Output the first line below and each one after it, exactly, up to and including the line holding "Furmax Dresser For". Pictures should not be copied.
------------------------------------------------------------------------
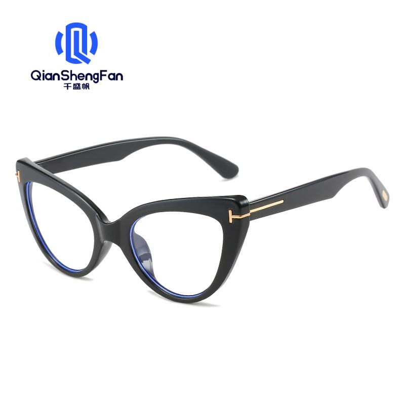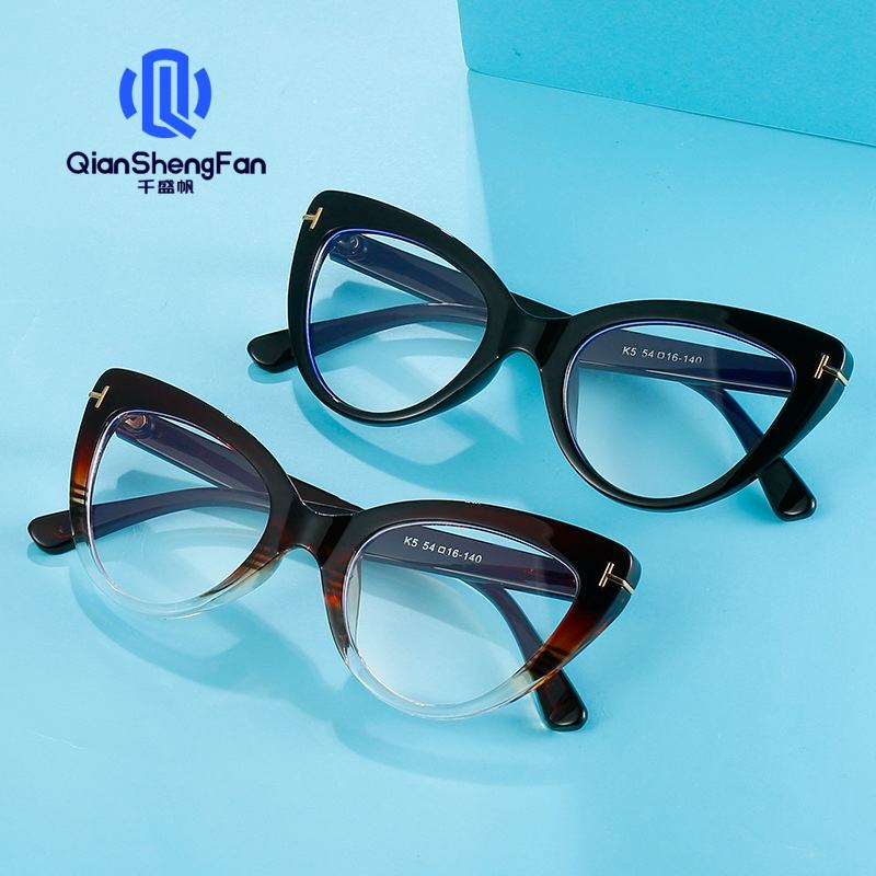 แว่นตาแฟชั่นทรงแคทอายกรอบใหญ่สไตล์ยุโรป-อเมริกัน สำหรับผู้หญิง ดีไซน์ทันสมัย ป้องกันแสงสีฟ้า เลนส์แบน นำเข้า
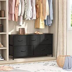Furmax Dresser For Bedroom With 5 Drawers, Wide Chest Of Drawers, Fabric Closet Dresser, Clothing Storage Organizer Unit With Fabric Bins, For Closet, TV Stand, Living Room, Hallway, Nursery (Black)
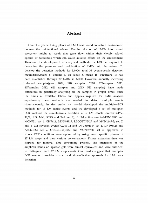 제목 : 유전자재조합생물체(LMO)의 동시 검출을 위한 multiplex-PCR법 개발(Ⅱ)
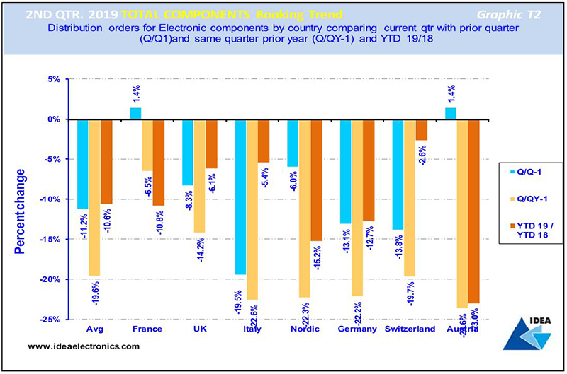 The light brown bars compare Q2’19 with the same quarter last year revealing that European electronic components markets grew by an average of just 0.3%. The French, German and Swiss markets did best, but growth rates in the tenths of one percent are at best marginal.
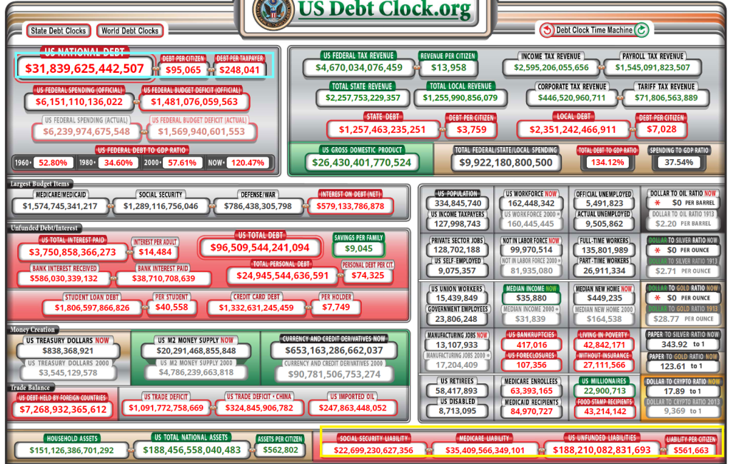 US debt stands at $31.8 TRILLION with $188 TRILLION in unfunded liabilities (which means higher personal taxes and much more debt).
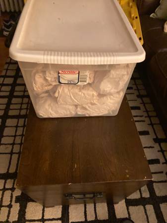 Container of 50+ Christmas ornaments from Pottery Barn. Assortment of silver with purple accents and glass ornaments.
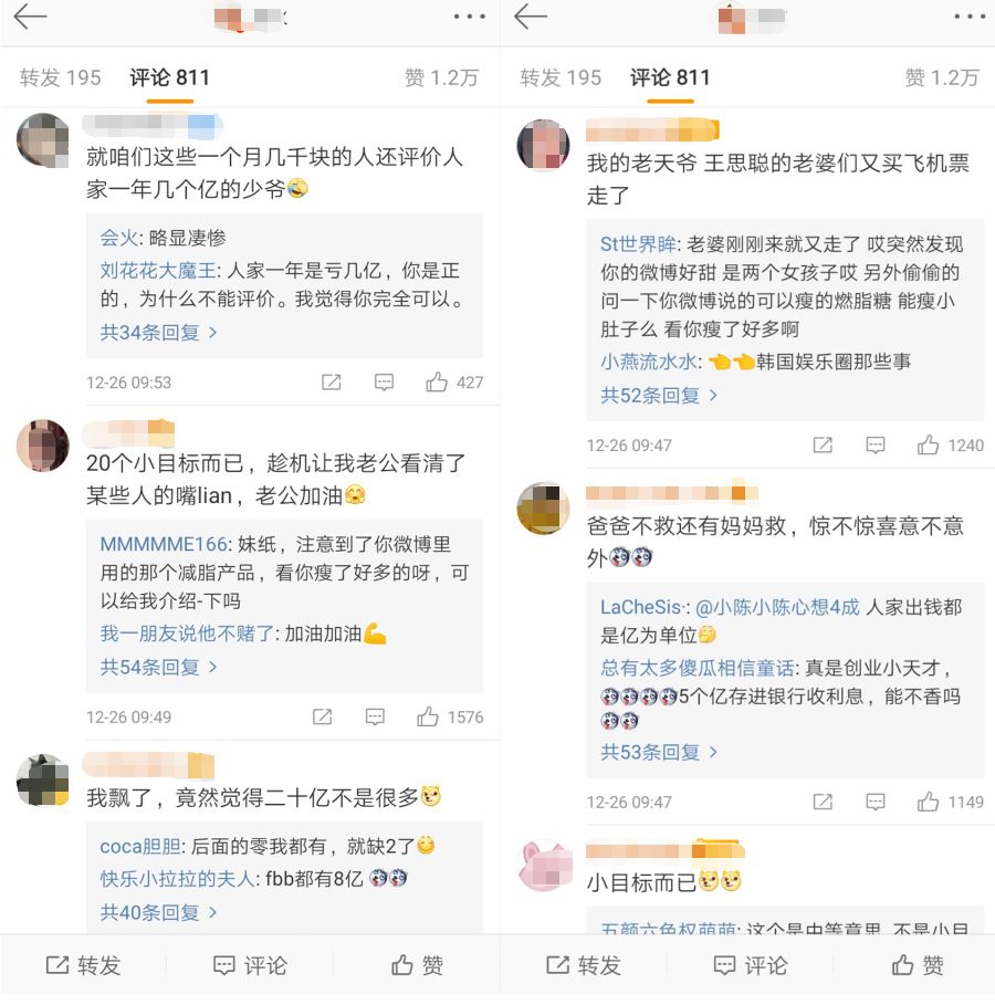 12月26日,王思聪旗下投资平台普思投资官网公布了熊猫互娱投资纠纷处理结果,称与数十位投资人全部达成协议,近20亿元巨额损失全部由普思资本及实控人自己承担。这一重磅消息瞬间推上微博热搜,网友不禁纷纷调侃:国民老公又回来了!
------------------------------------------------------------------------
## Response box
 แว่นตาแฟชั่นทรงแคทอายกรอบใหญ่สไตล์ยุโรป-อเมริกัน สำหรับผู้หญิง ดีไซน์ทันสมัย ป้องกันแสงสีฟ้า เลนส์แบน นำเข้า
Furmax Dresser For Bedroom With 5 Drawers, Wide Chest Of Drawers, Fabric Closet Dresser, Clothing Storage Organizer Unit With Fabric Bins, For Closet, TV Stand, Living Room, Hallway, Nursery (Black)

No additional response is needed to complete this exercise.